- **Source material**:
=== Section Start ===

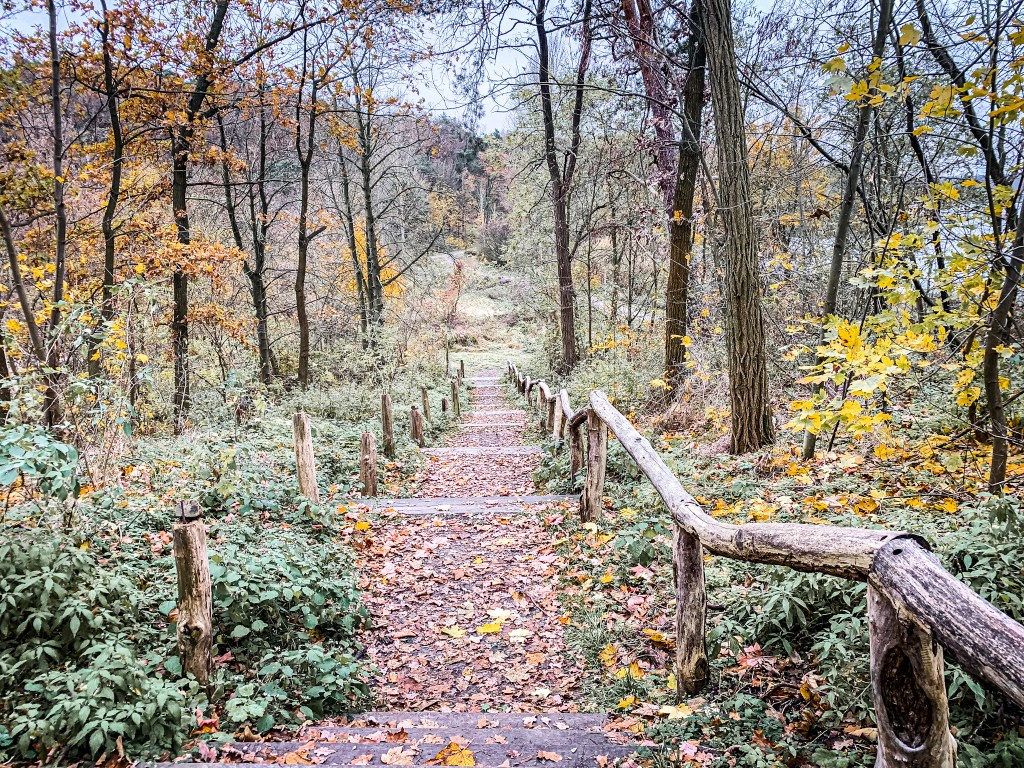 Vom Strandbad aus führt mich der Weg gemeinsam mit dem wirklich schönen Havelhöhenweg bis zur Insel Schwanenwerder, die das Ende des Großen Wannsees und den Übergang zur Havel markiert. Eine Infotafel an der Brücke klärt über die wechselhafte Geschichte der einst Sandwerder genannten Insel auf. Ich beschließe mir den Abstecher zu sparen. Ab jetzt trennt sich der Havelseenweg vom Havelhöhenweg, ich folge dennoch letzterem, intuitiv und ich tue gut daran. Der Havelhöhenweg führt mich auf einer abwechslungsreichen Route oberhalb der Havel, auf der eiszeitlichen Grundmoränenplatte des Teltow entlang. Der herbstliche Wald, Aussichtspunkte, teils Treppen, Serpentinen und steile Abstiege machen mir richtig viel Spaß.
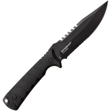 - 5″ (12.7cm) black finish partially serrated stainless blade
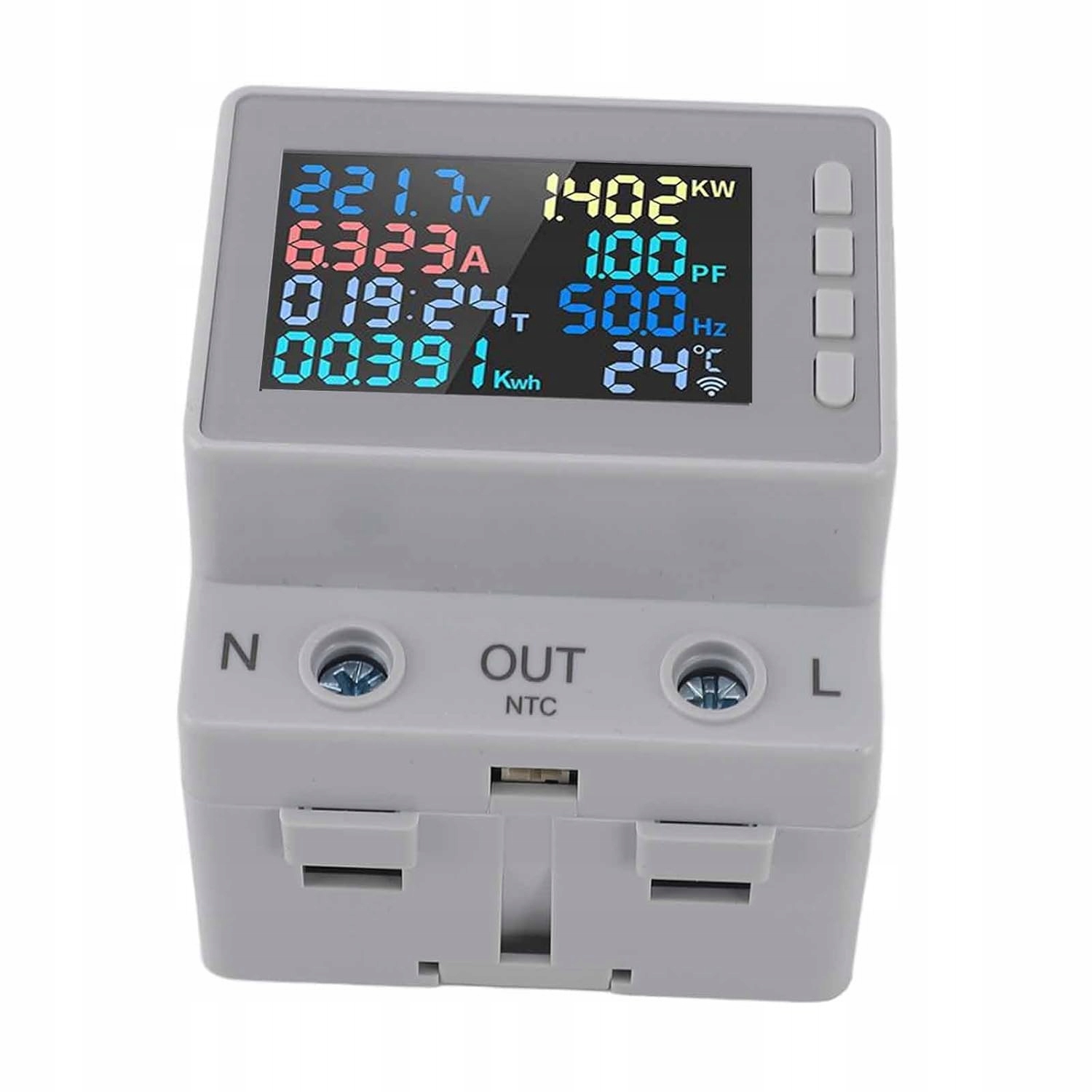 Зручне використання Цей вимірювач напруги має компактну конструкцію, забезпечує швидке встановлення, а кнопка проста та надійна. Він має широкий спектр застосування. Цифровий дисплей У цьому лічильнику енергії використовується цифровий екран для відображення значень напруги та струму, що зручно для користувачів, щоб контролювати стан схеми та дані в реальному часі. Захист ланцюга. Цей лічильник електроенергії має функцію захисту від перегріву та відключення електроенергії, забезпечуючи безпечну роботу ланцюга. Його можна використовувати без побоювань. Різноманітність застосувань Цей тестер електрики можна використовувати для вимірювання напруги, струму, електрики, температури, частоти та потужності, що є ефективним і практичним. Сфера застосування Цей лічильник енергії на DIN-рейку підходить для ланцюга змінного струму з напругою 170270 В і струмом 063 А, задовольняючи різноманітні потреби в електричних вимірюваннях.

=== Section End ===

In the answer, give only the lines from the top of the data above through the line with "- 5″ (12.7cm)", reproduced exactly; no picture may appear.

 Vom Strandbad aus führt mich der Weg gemeinsam mit dem wirklich schönen Havelhöhenweg bis zur Insel Schwanenwerder, die das Ende des Großen Wannsees und den Übergang zur Havel markiert. Eine Infotafel an der Brücke klärt über die wechselhafte Geschichte der einst Sandwerder genannten Insel auf. Ich beschließe mir den Abstecher zu sparen. Ab jetzt trennt sich der Havelseenweg vom Havelhöhenweg, ich folge dennoch letzterem, intuitiv und ich tue gut daran. Der Havelhöhenweg führt mich auf einer abwechslungsreichen Route oberhalb der Havel, auf der eiszeitlichen Grundmoränenplatte des Teltow entlang. Der herbstliche Wald, Aussichtspunkte, teils Treppen, Serpentinen und steile Abstiege machen mir richtig viel Spaß.
 - 5″ (12.7cm) black finish partially serrated stainless blade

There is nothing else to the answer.